Мы, ребятишки, возили весной навоз на поля, управляя лошадьми, сидя верхом на них, получив вечером за работу кусок хлеба и крынку простокваши, бежали домой с радостью, рассказывая об этом маме. Взрослые накладывали навоз на телеги, за выполнение этой тяжелой работы получали побольше, чем мы. Бабы помогали местным крестьянкам по домашним делам.

Летом к нам вернулся отец, отсидев шесть месяцев в Ишимской тюрьме.

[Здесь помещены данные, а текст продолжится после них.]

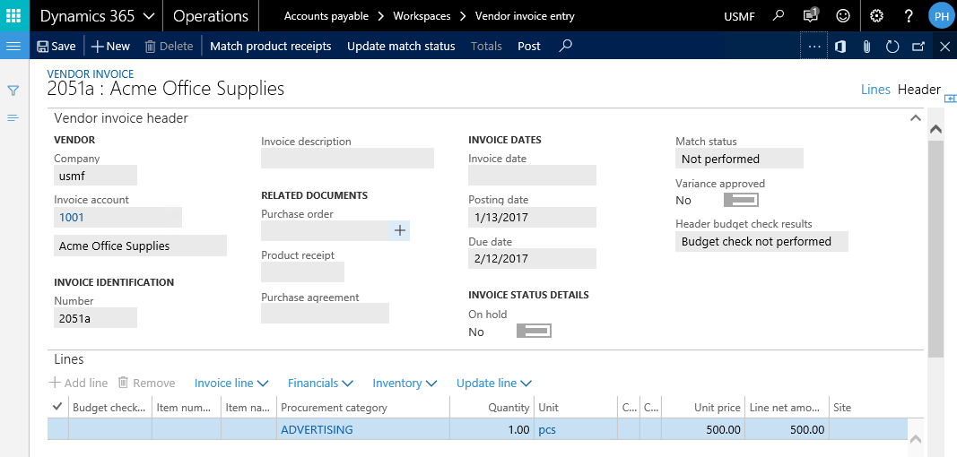 Basierend auf den obenstehenden Workfloweinstellungen wird im nächsten Schritt nun eine Kreditorenrechnung für Marketingmaterialien erfasst. Der nächste Screenshot zeigt die Rechnungserfassung in der Maske der ausstehenden Kreditorenrechnungen unter Verwendung der Beschaffungskategorie ‚Advertising‘ auf.

Его отпустили и он отправился искать нас. Всей семьей ходили на пристань встречать его; пароход пришел рано утром, и отец, не дождавшись нас, пошел, мы в это время тоже шли навстречу; идем, смотрим, идет какой-то пожилой мужчина, мама сказала: "Отец!", и мы бросились ему навстречу и повисли на его шее.

Стало легче, отец помогал во всем маме и нам. Созрели ягоды, грибы, собирали, сушили их, зная, что нас все равно отправят в тайгу, заготовляли впрок. Отец приобрел в деревне пилу, топор и другой плотницкий инструмент, что очень помогло нам выжить в тайге.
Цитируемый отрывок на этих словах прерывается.